Assump that I have an Observable and subscribe it like this.

 let source: Observable<Void> = Observable.create { [weak self] observer in

        guard let _ = self else {
            observer.on(.Completed)
            return NopDisposable.instance
        }

        observer.on(.Next())

        return AnonymousDisposable {

        }
    }

And the subscribe like this:

 source.subscribeNext { () -> Void in

    }

The question is: how can I emit the event to subscribeNext manually every time I need. This is like rx_tap behavior on UIButton.
I see in the example code has something like this source = button.rx_tap.asObservale().

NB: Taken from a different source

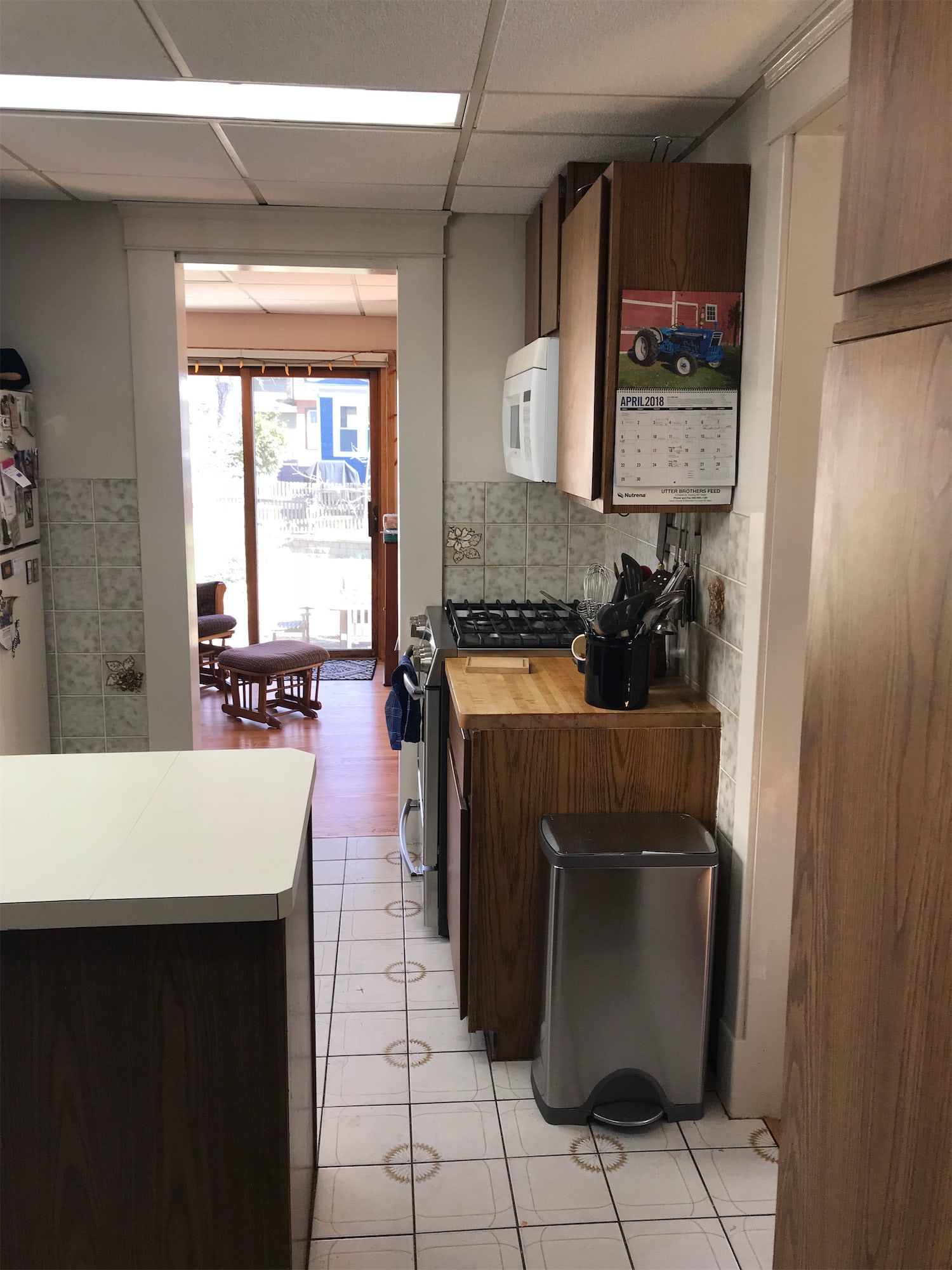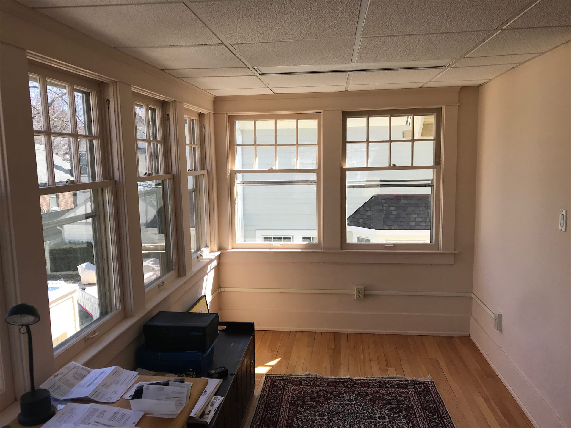 The house had an earlier two-story addition on the back. The lower level of this space was an L-shaped family room, and the second floor was a 7’-5” x 17’-3” sunroom.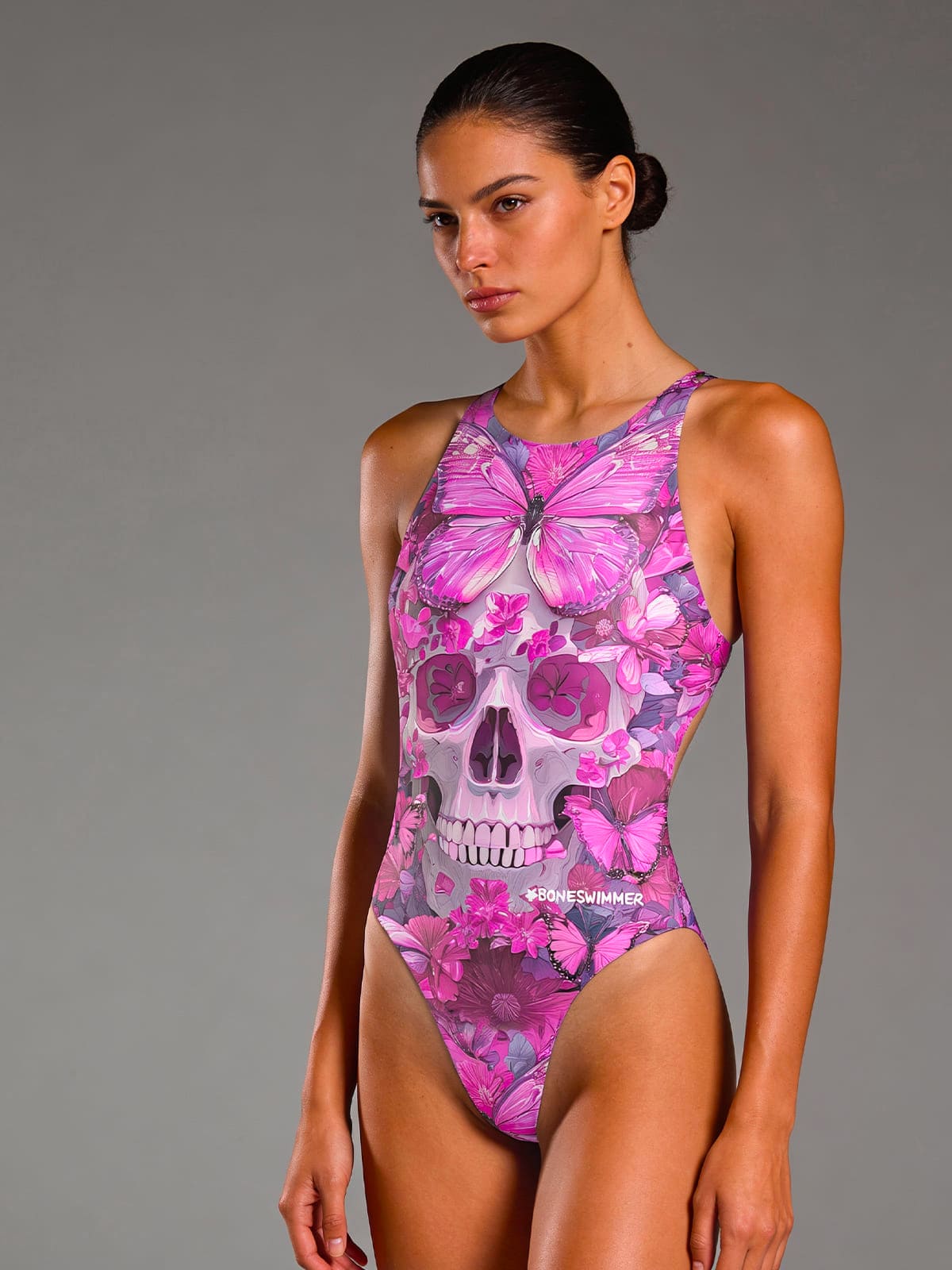 Damski strój kąpielowy jednoczęściowy treningowy Pinup 552P - Teschio Farfalla

After that, every time user tap to button, there will emit an event and trigger on subscribeNext(). I also want to have that behavior but in programmatically, not from UI event.

dummy307
  • 193
  • 1
  • 2
  • 6

2 Answers2

19

Most of the time, you can compose your observable and the solution I'm about to give is not the recommended way to do Rx code.

You can look at Subject to implement the behavior you request. There are multiple variations on subject, that the documentation explains well.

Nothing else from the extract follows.